Репозиторий с исходником: https://github.com/AlexKbit/pyspark-catboost-example

In [None]:
%%capture
!pip install pyspark==3.0.3

In [None]:
from pyspark.ml import Pipeline
from pyspark.ml.feature import VectorAssembler, StringIndexer
from pyspark.ml.evaluation import MulticlassClassificationEvaluator
from pyspark.sql import SparkSession
from pyspark.sql import DataFrame
from pyspark.sql.functions import col
from pyspark.sql.types import StructField, StructType

In [None]:
spark = SparkSession.builder\
    .master('local[*]')\
    .appName('CatBoostWithSpark')\
    .config("spark.jars.packages", "ai.catboost:catboost-spark_3.0_2.12:1.0.3")\
    .config("spark.executor.cores", "2")\
    .config("spark.task.cpus", "2")\
    .config("spark.driver.memory", "2g")\
    .config("spark.driver.memoryOverhead", "2g")\
    .config("spark.executor.memory", "2g")\
    .config("spark.executor.memoryOverhead", "2g")\
    .getOrCreate()

In [None]:
spark

In [None]:
import catboost_spark

In [None]:
schema_dataset = "col1 String, col2 String, col3 Double, col4 Double, col5 Double, target Integer"
df = spark.read.csv('/content/data.csv',sep=',',header=True,schema = schema_dataset)

In [None]:
df.printSchema()

root
 |-- col1: string (nullable = true)
 |-- col2: string (nullable = true)
 |-- col3: double (nullable = true)
 |-- col4: double (nullable = true)
 |-- col5: double (nullable = true)
 |-- target: integer (nullable = true)



In [None]:
print(df.describe().show())

+-------+----+----+------------------+------------------+-----------------+------------------+
|summary|col1|col2|              col3|              col4|             col5|            target|
+-------+----+----+------------------+------------------+-----------------+------------------+
|  count| 999| 999|               999|               999|              999|               999|
|   mean|null|null| 6.126728018535534|3091.0939393577505| 315.711484855864|0.4954954954954955|
| stddev|null|null|0.5898659455919512| 6063.724047846411|248.0598507266117|0.5002301371468432|
|    min|   a|   a|       4.605170186|       2.718281828|      0.010761534|                 0|
|    max|   z|   z|       6.907755279|       22026.46579|      984.2199136|                 1|
+-------+----+----+------------------+------------------+-----------------+------------------+

None


In [None]:
print(df.show(7))

+----+----+-----------+-----------+-----------+------+
|col1|col2|       col3|       col4|       col5|target|
+----+----+-----------+-----------+-----------+------+
|   o|   r|6.084499413|2980.957987|   1.737842|     0|
|   z|   x|6.553933404|8103.083928|2.884142703|     0|
|   w|   w|4.779123493|22026.46579|0.035646382|     0|
|   t|   w|6.663132696|148.4131591|4.600071127|     0|
|   p|   s|6.508769137|7.389056099|1.625782932|     1|
|   u|   r|5.860786223|54.59815003|6.712529775|     1|
|   r|   a|6.708084084|2980.957987|7.360113804|     0|
+----+----+-----------+-----------+-----------+------+
only showing top 7 rows

None


In [None]:
TARGET_LABEL = 'target'

In [None]:
evaluator = MulticlassClassificationEvaluator(
    labelCol=TARGET_LABEL, 
    predictionCol="prediction", 
    metricName='f1')

In [None]:
train_df, test_df = df.randomSplit([0.75, 0.25])
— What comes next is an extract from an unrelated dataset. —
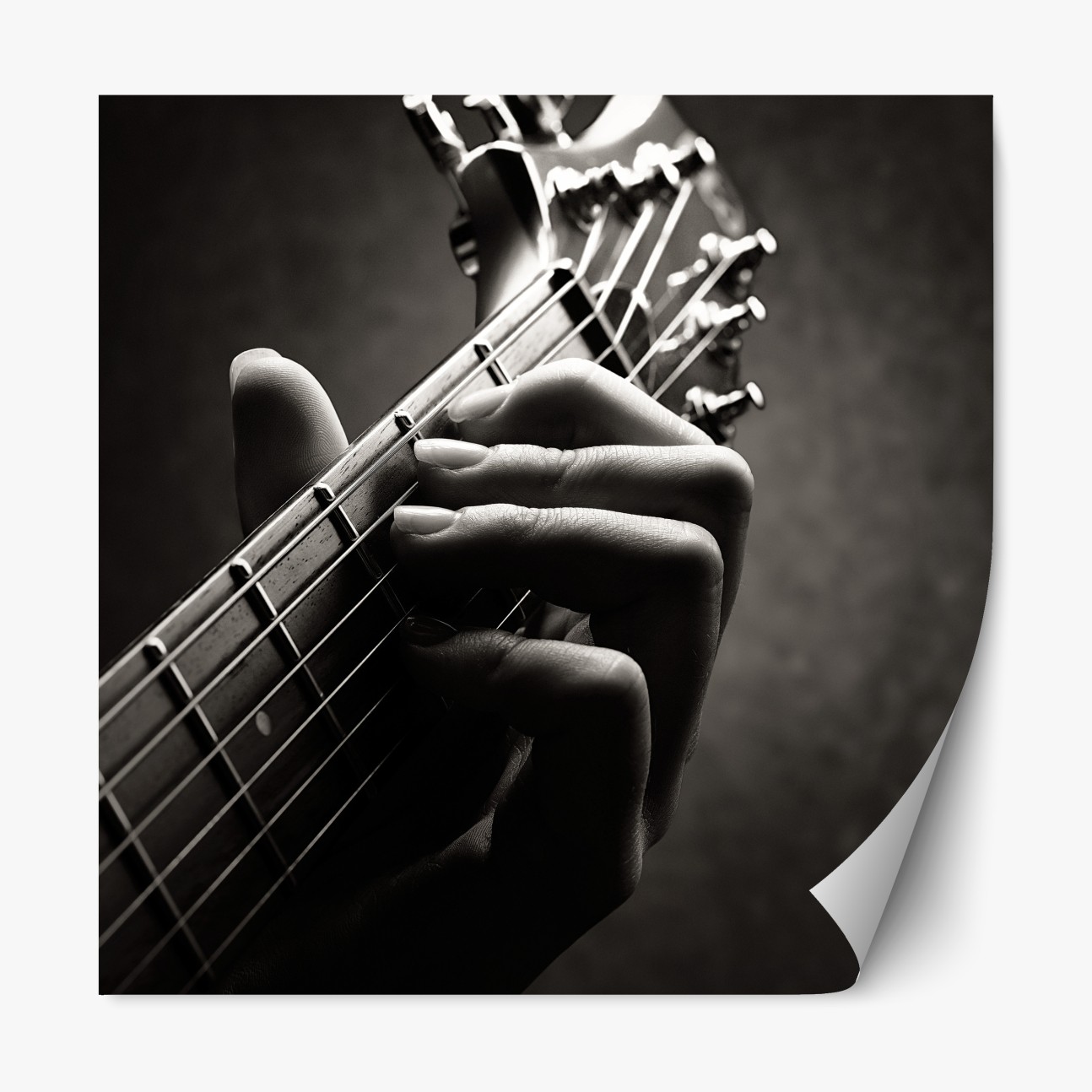 Naklejka repozycjonowalna Zbliżenie dłoni gitarzysty na gryfie

### Train CatBoost with Pool

In [None]:
col1_indexer = StringIndexer(inputCol='col1', outputCol="col1_index")
col2_indexer = StringIndexer(inputCol='col2', outputCol="col2_index")
features = ["col1_index", "col2_index", "col3", "col4", "col5"]
assembler = VectorAssembler(inputCols=features, outputCol='features')

In [None]:
def prepare_vector(df: DataFrame)-> DataFrame:
  result_df = col1_indexer.fit(df).transform(df)
  result_df = col2_indexer.fit(result_df).transform(result_df)
  result_df = assembler.transform(result_df)
  return result_df

In [None]:
train = prepare_vector(train_df)
test = prepare_vector(test_df)

In [None]:
print(train.show(7))

+----+----+-----------+-----------+-----------+------+----------+----------+--------------------+
|col1|col2|       col3|       col4|       col5|target|col1_index|col2_index|            features|
+----+----+-----------+-----------+-----------+------+----------+----------+--------------------+
|   a|   a|5.129898715|20.08553692|272.5829356|     1|       8.0|      23.0|[8.0,23.0,5.12989...|
|   a|   b|4.804021045|403.4287935| 888.578495|     0|       8.0|       4.0|[8.0,4.0,4.804021...|
|   a|   b|5.446737372|54.59815003|537.8494671|     0|       8.0|       4.0|[8.0,4.0,5.446737...|
|   a|   b|6.401917197|148.4131591|101.2690374|     0|       8.0|       4.0|[8.0,4.0,6.401917...|
|   a|   b|6.883462586|1096.633158|670.3254037|     0|       8.0|       4.0|[8.0,4.0,6.883462...|
|   a|   e| 6.03787092|20.08553692|464.8122752|     0|       8.0|      12.0|[8.0,12.0,6.03787...|
|   a|   f|5.407171771|20.08553692|390.9714078|     1|       8.0|       2.0|[8.0,2.0,5.407171...|
+----+----+---------

In [None]:
train_pool = catboost_spark.Pool(train.select(['features', TARGET_LABEL]))
train_pool.setLabelCol(TARGET_LABEL)
train_pool.setFeaturesCol('features')

Pool_602a442374ff

In [None]:
classifier = catboost_spark.CatBoostClassifier(featuresCol='features', labelCol=TARGET_LABEL)
classifier.setIterations(50)
classifier.setDepth(5)

CatBoostClassifier_2d1eab184387

In [None]:
model = classifier.fit(train_pool)
predict = model.transform(test)
print(f'Model F1 = {evaluator.evaluate(predict)}')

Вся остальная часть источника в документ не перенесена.